4. PVP patients will require observation in a step-down day ward after the procedure. This will contribute to the cost of the PVP treatment. For the TURP patients, an average length of hospital stay of 2 days is anticipated (using administrative data from Alberta Health and Wellness for the fiscal year 2004/05, median length of stay was 2 days).³⁰

5. There are no differences between the rates of complications and adverse events in the 2 groups. Also, since long-term data on PVP is limited, it is assumed (conservatively) that the retreatment rates will be the same in both groups.

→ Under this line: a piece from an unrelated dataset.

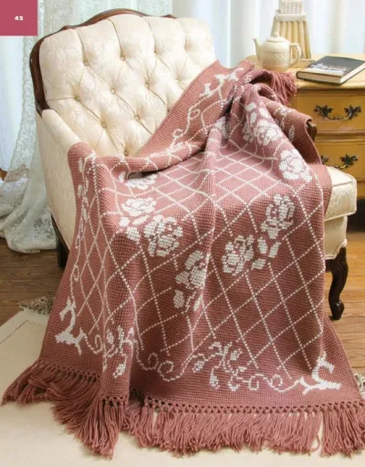 Плед крючком в технике тунисского вязания

Table 6 demonstrates that differences in per treatment costs between PVP and TURP will most likely be due to differences in the cost of consumables, capital equipment and length of hospital stays. As previously mentioned, the only Canadian data for PVP (from the Ontario Ministry of Health and Long-Term Care) found the cost per procedure was less than one-half that of TURP (Can$3887 v. Can$1184). Therefore, even if the cost of capital depreciation and system maintenance are added to these figures, the difference in cost will still be substantial. Since the actual cost per TURP in Alberta is about $3437.87 (a value similar to that reported in Ontario), it would not be unreasonable to expect per case PVP costs in Alberta to lie between Can$1500 and Can$1800, making it the less costly alternative.

Interpretation

Although there are several commentaries and narrative reviews of PVP with earlier versions of the KTP laser,^1,2,3 our paper presents the first meta-analysis and systematic review of the safety, efficacy and economic consequences of PVP using the first commercially available KTP laser system (i.e., 80 W Greenlight PV System). Despite limited clinical evidence, findings were consistent across all 12 case series and both comparative studies, suggesting that with 2 exceptions (blood transfusion and clot retention, which both favoured PVP), adverse events and complication rates are likely similar for PVP and TURP. Therefore, it can be concluded that PVP offers an acceptable safety profile, even in anticoagulated patients for whom TURP is often contraindicated.²⁶ Regarding efficacy, PVP was considered favourable to TURP in terms of length of patient hospitalization and catheterization time. There were no differences between the 2 procedures in operative or clinical outcomes. Importantly, none of the studies measured outcomes before 4–6 weeks following surgery; thus, it was not possible to assess the value of shorter hospital stays and catheterization times to patients. This may be significant, especially in patients who are still in the workforce. Nonetheless, based on the outcomes evaluated, PVP appears to be as efficacious as TURP. Despite limited economic evidence, findings across all economic studies suggest that PVP is less costly than TURP. It could, therefore, offer an attractive alternative to payers. Further, PVP appears to involve a shorter learning curve relative to other laser approaches, which may enable surgeons to adopt the technology more readily.¹

In April 2007, the next generation PVP system, the 120 W GreenLight HPS received regulatory approval from Health Canada, making it commercially available.³¹ Recent laboratory testing and reports of early clinical experiences in the United States have suggested that the rate of tissue removal with the GreenLight HPS is significantly increased.³² However, this requires validation with larger study populations and longer follow-up periods.